Marqua verwies darauf, daß das Bundesverfassungsgericht "letztverbindlich über die Auslegung der Verfassung" entscheide. Wenn eine Karlsruher Entscheidung nicht gefalle, könne nicht deswegen das Bundesverfassungsgericht und "damit die verfassungsmäßige Ordnung in der Bundesrepublik in Frage gestellt" werden. Wer etwa zum Ungehorsam gegen Beschlüsse des Bundesverfassungsgerichts auffordere - wie es nach dem sogenannten Kruzifix-Urteil geschehen sei -, kündige den demokratischen Konsens auf, ohne den ein "Rechtsstaat freiheitlicher Prägung" wie die Bundesrepublik nicht existieren könne.

Der DRB-Geschäftsführer betonte zugleich, mit seiner Entscheidung habe das Bundesverfassungsgericht "voll im Einklang mit seinen Zuständigkeiten gehandelt". Zwar könne "abstrakt und theoretisch" über die Kompetenzen des Verfassungsgerichts gestritten werden, doch sei zu fragen, ob sich eine solche Debatte an konkreten Entscheidungen der Karlsruher Richter entzünden sollte.
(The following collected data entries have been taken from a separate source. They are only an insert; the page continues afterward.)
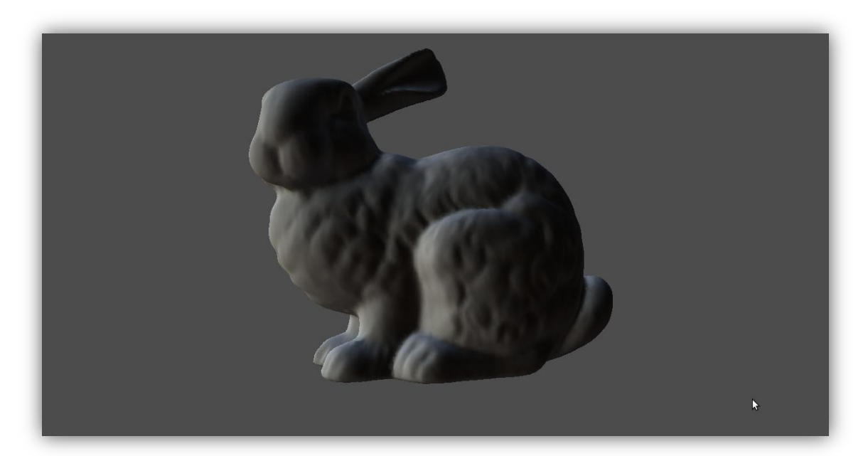
Figure 4.2: Rendering example: The Stanford Bunny lit by spherical harmonics based lighting. The light probe used is Paul Debevec's "beach_cross". 100000 samples and 3 bands were used.

The shader handles the reconstruction of the image from the SH coefficients passed to it. This is based on the reconstruction given by Ramamoorthi et al in (9). The shader in use is based off a shader at Rendering Wonders [RWND] which in turn is based off Ramamoorthi's design (9). The shader requires a number of variables, such as the harmonic coefficients and gain. It also allows for control of Ka, Kd and Ks but these are not implemented as yet.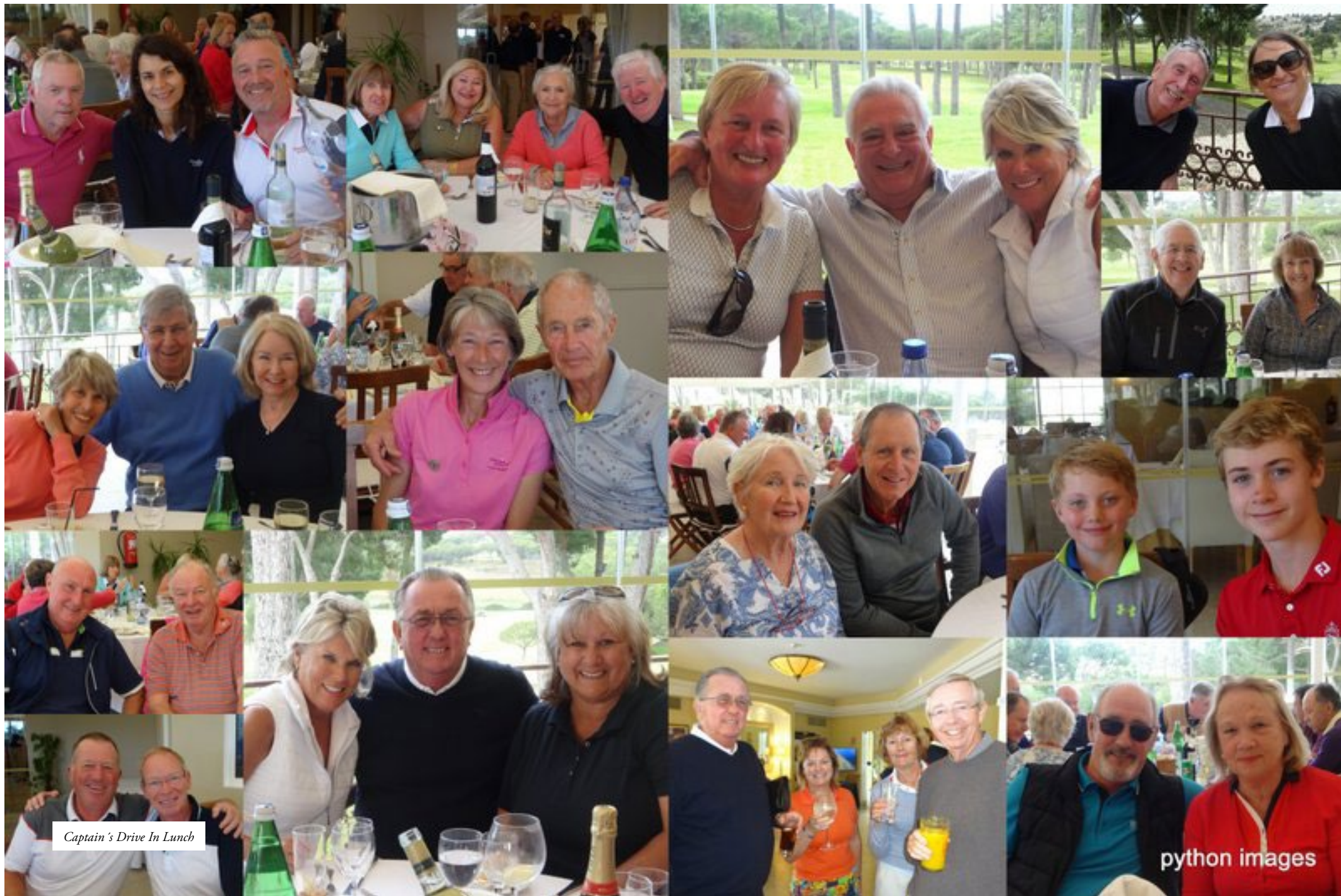
Captain's Drive In Lunch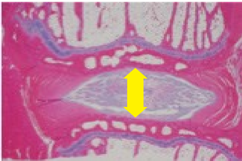
Intervertebral disk after treatment

Seiner Auffassung nach solle allerdings an den "grundgesetzlichen Zuständigkeiten des Bundesverfassungsgerichts in keiner Weise gerüttelt werden", fügte Marqua hinzu. Schließlich habe man in den mehr als 40 Jahren, in denen das Verfassungsgericht Recht spreche, "beste Erfahrungen damit gemacht". Das Gericht habe "sicherlich konsensbildend und auch friedensstiftend" gewirkt, unterstrich der DRB-Geschäftsführer. Dabei liege es "in der Natur der Sache", daß nicht alle Entscheidungen auf ungeteilte Zustimmung treffen könnten.